Action item.
Output, exactly as written, the lines below from the one that has "apprestano al combattimento" through the one that has "La torre que"; nothing else, and no pictures.

Source data.
━━━━

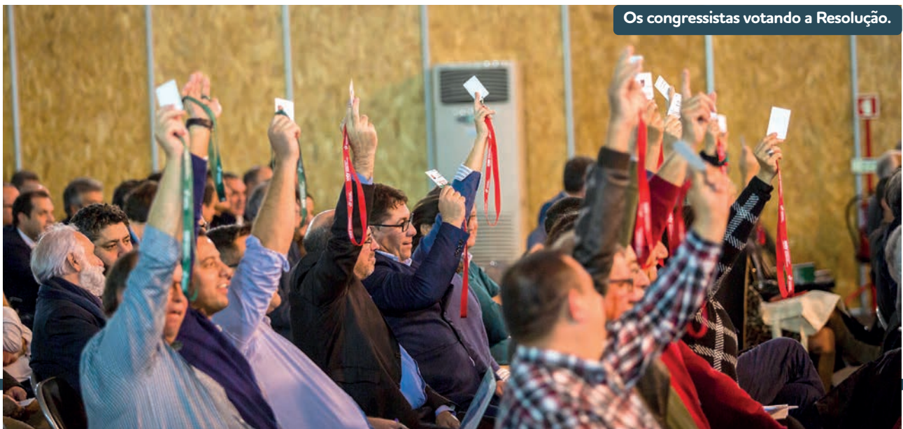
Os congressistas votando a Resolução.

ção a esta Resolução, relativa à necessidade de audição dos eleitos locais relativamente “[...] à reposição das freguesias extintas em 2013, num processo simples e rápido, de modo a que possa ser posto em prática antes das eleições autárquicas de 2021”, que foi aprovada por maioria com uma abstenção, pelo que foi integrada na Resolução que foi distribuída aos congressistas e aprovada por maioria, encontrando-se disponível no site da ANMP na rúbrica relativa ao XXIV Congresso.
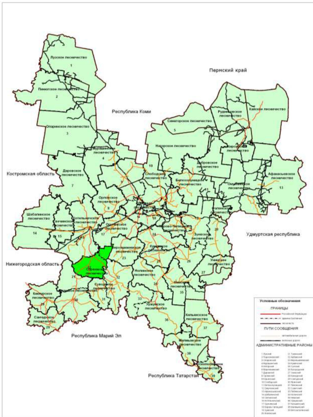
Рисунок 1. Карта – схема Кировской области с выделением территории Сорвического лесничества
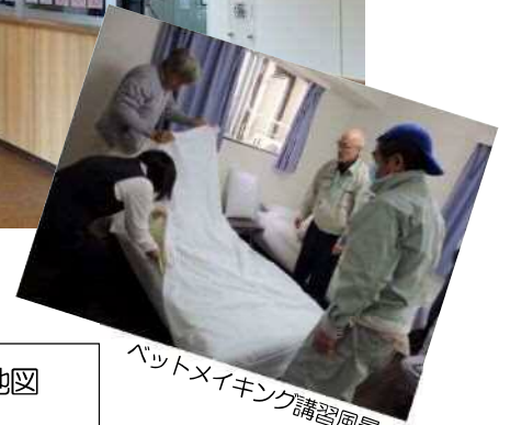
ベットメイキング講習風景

━━━━

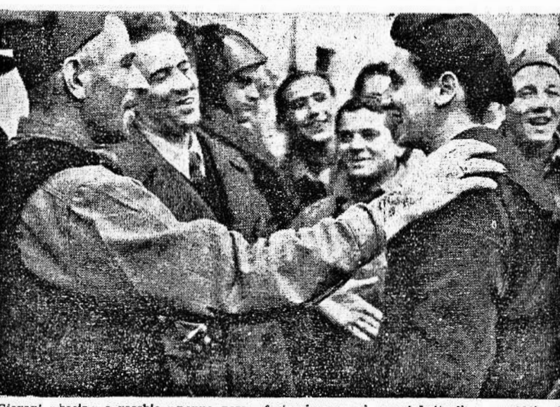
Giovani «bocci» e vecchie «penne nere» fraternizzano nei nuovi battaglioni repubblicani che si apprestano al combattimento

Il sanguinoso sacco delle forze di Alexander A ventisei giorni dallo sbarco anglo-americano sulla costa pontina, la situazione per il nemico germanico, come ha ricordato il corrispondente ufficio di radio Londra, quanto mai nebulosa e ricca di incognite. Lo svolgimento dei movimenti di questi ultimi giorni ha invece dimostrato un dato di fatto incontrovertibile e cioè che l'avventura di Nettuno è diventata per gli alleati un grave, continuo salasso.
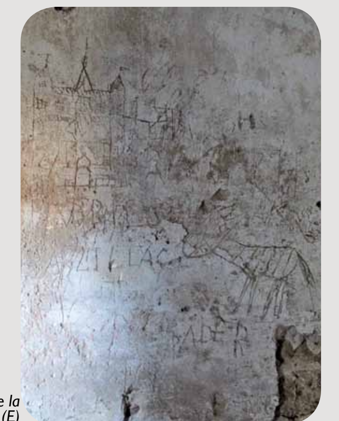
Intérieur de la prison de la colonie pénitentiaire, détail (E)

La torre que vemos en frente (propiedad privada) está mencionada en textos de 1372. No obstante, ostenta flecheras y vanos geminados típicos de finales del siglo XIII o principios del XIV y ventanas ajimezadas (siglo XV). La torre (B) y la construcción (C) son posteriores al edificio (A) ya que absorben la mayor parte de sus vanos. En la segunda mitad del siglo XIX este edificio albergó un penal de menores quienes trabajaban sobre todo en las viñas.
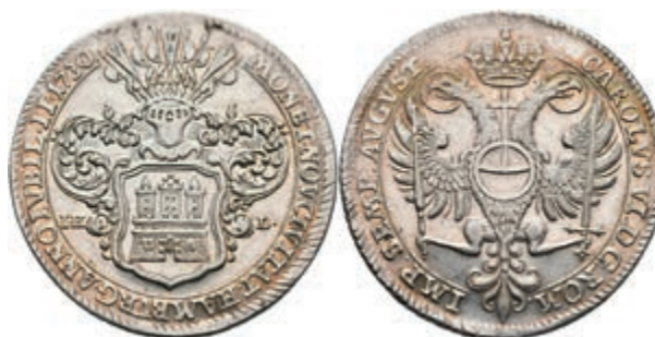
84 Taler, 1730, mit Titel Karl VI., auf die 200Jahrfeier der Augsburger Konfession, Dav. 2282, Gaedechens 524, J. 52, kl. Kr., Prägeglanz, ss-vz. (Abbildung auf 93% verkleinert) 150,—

━━━━

Solved problem.
Giovani «bocci» e vecchie «penne nere» fraternizzano nei nuovi battaglioni repubblicani che si apprestano al combattimento

Il sanguinoso sacco delle forze di Alexander A ventisei giorni dallo sbarco anglo-americano sulla costa pontina, la situazione per il nemico germanico, come ha ricordato il corrispondente ufficio di radio Londra, quanto mai nebulosa e ricca di incognite. Lo svolgimento dei movimenti di questi ultimi giorni ha invece dimostrato un dato di fatto incontrovertibile e cioè che l'avventura di Nettuno è diventata per gli alleati un grave, continuo salasso.
Intérieur de la prison de la colonie pénitentiaire, détail (E)

La torre que vemos en frente (propiedad privada) está mencionada en textos de 1372. No obstante, ostenta flecheras y vanos geminados típicos de finales del siglo XIII o principios del XIV y ventanas ajimezadas (siglo XV). La torre (B) y la construcción (C) son posteriores al edificio (A) ya que absorben la mayor parte de sus vanos. En la segunda mitad del siglo XIX este edificio albergó un penal de menores quienes trabajaban sobre todo en las viñas.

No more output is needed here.